Thanks for your reply I have finally solved this, unfortunately it was not 
as simple as I hoped (probably due to the fact our platform is on Windows 
Server).

The point you raised below, gave me a good hint -


>    - Run a simply svn command like list/info/whatever from a 
>    shell/command box and accept the cert if prompted so.
>
>
So looking at the build output, I could tell that the 'buildnumber' Maven 
plugin was directly calling svn, so this was outside of Jenkins awareness 
really. I then realised that Jenkins was running as the 'SYSTEM' user and 
so that svn command was being executed by the SYSTEM user. Obviously the 
SYSTEM user needed to accept the server certificate and provide 
authentication, which it didnt had.

I located where svn keeps its auth details for the SYSTEM user on Windows 
2008 Server - 
C:\Windows\System32\config\systemprofile\AppData\Roaming\Subversion\auth 
and I copied in appropriate authentication files to the svn.simple and and 
svn.ssl.server folders from another account where I knew the build worked. 
It did now accept the SSL cert but refused to authenticate.

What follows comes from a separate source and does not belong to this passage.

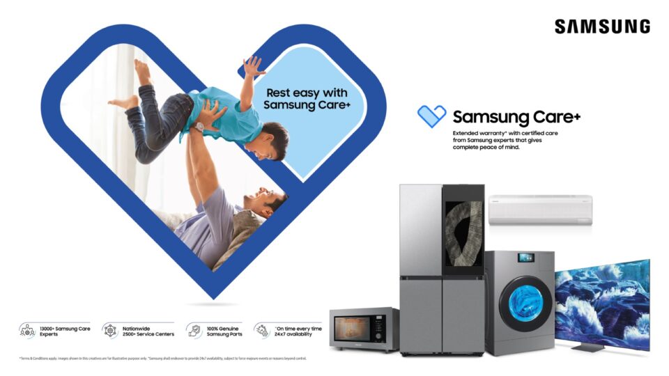 GURUGRAM, INDIA | 12th NOVEMBER 2025 — Samsung, India’s leading consumer electronics brand, todayannounced the expansion of its Samsung Care+ service to include extended warranty plans for home appliances including Refrigerators, Washing Machines, Air Conditioners, Microwave ovens, and Smart TVs. Customers can now choose from plans that range from 1-4 years, offering comprehensive protection and convenience, with prices starting as low as INR 2 per day.
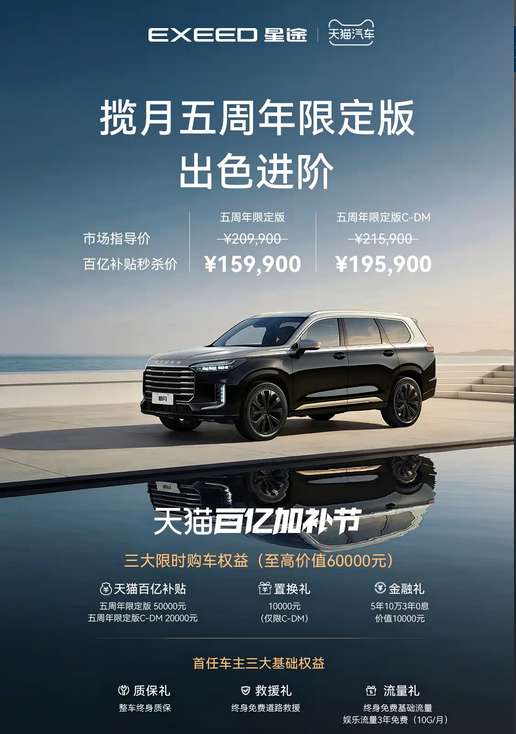 在当前中大型SUV市场竞争持续加剧的背景下,车型通过年度节点推出衍生版本,已经成为品牌维持关注度与产品节奏的重要方式。4月1日, 星途揽月(参数|询价)五周年限定版正式上市,新车共推出两款配置,官方指导价分别为20.99万、21.99万元,同时提供阶段性补贴后的限时价格区间为15.99万、19.59万元。从产品定位来看,该版本并未对整车架构进行调整,而是围绕外观细节和部分底盘配置进行优化,同时延续既有动力系统组合,整体策略更偏向阶段性强化产品吸引力。

So no luck doing that. I then tried a different approach. 
I re-installed Jenkins making sure that it would run under a custom user 
account called - "s-subversion" and configured the Windows service 
appropriately to use that account. When I tried to build the project I had 
the same issue again, but I could now open a command prompt running as the 
's-jenkins' user and execute 'svn up' in the job's workspace, svn then 
prompted me to accept the server certificate and enter a username and 
password. After that running the build again in Jenkins now works perfectly.

I have added the detail above to try and assist future Windows server users.